Часть1. Мученик и смертьIV. Участники жертвенника

Ольга Шульчева-Джарман
Образы мучеников в византийской гимнографии – удивительны. Они – мученики – оказывается, умоляют Христа своими ранами и язвами – о спасении нас. Что за дикость – скажут иные – этот образ? Что за юридическая такая теория искупления в худшем из ее вариантов? Да и возможно ли христианину так думать, что Бог, не могущий помиловать мир даже за Кровь Сына Божия, преклонится к множеству человеческих кровей мучеников? Но это отнюдь -  не рецидив язычества,  не упадок религиозной мысли, а глубина богословия… Это написано в богослужебных текстах, авторами которых являются монахи, принадлежавшие к периоду расцвета монашеской жизни.

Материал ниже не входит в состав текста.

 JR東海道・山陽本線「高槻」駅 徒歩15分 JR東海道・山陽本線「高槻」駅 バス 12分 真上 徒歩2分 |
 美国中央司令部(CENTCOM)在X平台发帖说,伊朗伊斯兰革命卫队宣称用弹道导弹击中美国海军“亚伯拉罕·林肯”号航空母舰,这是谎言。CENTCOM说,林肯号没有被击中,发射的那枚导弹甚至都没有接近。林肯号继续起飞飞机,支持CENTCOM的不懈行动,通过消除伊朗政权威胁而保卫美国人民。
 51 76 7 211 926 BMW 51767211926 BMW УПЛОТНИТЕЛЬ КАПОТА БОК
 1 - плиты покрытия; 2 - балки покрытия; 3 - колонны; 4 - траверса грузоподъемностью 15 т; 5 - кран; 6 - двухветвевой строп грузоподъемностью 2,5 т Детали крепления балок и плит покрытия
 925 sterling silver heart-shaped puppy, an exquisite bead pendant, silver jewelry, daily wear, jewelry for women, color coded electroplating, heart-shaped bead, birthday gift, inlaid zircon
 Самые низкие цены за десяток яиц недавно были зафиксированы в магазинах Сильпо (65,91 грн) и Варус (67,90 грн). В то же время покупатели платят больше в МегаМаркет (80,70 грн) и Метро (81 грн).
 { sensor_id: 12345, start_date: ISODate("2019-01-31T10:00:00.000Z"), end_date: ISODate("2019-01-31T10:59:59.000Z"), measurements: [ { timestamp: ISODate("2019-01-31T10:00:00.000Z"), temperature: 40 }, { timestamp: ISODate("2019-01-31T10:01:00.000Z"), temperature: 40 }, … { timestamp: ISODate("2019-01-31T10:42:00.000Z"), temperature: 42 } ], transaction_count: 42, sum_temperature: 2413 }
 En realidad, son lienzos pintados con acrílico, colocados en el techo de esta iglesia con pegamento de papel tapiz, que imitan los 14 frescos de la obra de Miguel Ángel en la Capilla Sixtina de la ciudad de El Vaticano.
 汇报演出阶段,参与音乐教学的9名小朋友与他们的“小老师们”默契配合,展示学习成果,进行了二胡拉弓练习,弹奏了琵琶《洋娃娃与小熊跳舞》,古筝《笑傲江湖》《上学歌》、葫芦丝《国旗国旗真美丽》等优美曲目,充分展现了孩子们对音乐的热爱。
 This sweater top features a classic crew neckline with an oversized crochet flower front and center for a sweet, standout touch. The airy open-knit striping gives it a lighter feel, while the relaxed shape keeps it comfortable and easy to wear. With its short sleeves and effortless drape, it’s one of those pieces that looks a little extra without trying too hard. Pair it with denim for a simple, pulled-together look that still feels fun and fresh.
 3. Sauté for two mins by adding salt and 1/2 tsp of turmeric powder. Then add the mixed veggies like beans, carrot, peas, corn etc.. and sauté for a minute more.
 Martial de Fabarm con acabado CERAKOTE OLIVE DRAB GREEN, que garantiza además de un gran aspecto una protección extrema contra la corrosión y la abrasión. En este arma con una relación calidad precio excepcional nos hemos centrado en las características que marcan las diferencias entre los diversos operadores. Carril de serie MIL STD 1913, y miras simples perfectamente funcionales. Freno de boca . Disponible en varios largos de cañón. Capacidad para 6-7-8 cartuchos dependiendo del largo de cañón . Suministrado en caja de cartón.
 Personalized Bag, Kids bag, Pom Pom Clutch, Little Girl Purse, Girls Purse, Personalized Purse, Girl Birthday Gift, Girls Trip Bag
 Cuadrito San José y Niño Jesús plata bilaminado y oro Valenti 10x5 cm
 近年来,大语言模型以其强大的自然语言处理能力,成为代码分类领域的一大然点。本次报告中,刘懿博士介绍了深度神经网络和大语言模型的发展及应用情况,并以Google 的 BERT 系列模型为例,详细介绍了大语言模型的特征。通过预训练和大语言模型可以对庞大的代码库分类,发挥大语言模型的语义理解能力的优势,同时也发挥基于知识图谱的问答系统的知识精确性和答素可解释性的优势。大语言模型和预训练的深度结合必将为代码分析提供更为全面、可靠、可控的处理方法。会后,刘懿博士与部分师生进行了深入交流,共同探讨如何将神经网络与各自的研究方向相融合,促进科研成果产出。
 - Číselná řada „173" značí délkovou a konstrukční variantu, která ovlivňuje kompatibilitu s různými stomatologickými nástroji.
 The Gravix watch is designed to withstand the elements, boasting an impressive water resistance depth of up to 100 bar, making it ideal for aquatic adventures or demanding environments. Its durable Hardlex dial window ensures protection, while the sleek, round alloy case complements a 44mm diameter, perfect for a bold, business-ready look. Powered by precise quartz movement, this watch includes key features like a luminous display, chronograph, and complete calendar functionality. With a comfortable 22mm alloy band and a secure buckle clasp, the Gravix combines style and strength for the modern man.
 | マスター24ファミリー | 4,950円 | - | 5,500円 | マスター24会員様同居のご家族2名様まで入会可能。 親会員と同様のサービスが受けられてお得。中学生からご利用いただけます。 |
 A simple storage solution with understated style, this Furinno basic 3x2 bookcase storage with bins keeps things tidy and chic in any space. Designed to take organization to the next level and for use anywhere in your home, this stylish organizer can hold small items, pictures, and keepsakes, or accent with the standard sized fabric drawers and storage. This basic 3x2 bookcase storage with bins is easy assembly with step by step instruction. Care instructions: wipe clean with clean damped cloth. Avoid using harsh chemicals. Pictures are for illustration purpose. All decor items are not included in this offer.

Оставим пока эти места и взглянем – как по другому называются мученики в гимнографической традиции. Они – друзья Христовы . Это так понятно (и непонятно одновременно – от заезженности этих слов; чтобы преодолеть заезженность, надо разбить метафору, и тогда освобожденный образ засияет вновь). «Вы друзья Мои. Я сказал вам все». Он до конца возлюбил их, открыл им Имя Яхве, которое прославится через Его Крест. Через умовение ног Христом, апостолы вступают на путь Креста. Неслучайно у Иоанна присутствует умовение ног и нет описание Евхаристии – тайна смирения закалаемого Агнца раскрывается в этом образе, месии-Христа, ставшего ниже самого низкого во Израиле – умывающего ноги низшим. Мессия – этот тот, кто приходит с небес и выше всех, чтобы стать ниже всех и единственным проклятым за всех. Первый шаг – умовение ног, второй – смерть между небом и землей, чтобы стать проклятым и отлученным от Бога. Ученики разделят с Ним Его смерть – в свою меру каждый. Со Христом умершим для них умрет мир и никогда не сможет ожить без Христа. У Креста Его апостолы пережили свою собственную смерть. Для них мир был распят, и они – для мира ((Гал. 6:14). Они принимяли участие в жертве Христовой – с ритуального умовения ног, словно перед всесожжением. Архиерей и Жертва, Принимающий и приносимый, стал и последним рабом – Он , Раб Яхве, Единый Отрок, к которому благоволила душа Отца Его (Ис 42,1).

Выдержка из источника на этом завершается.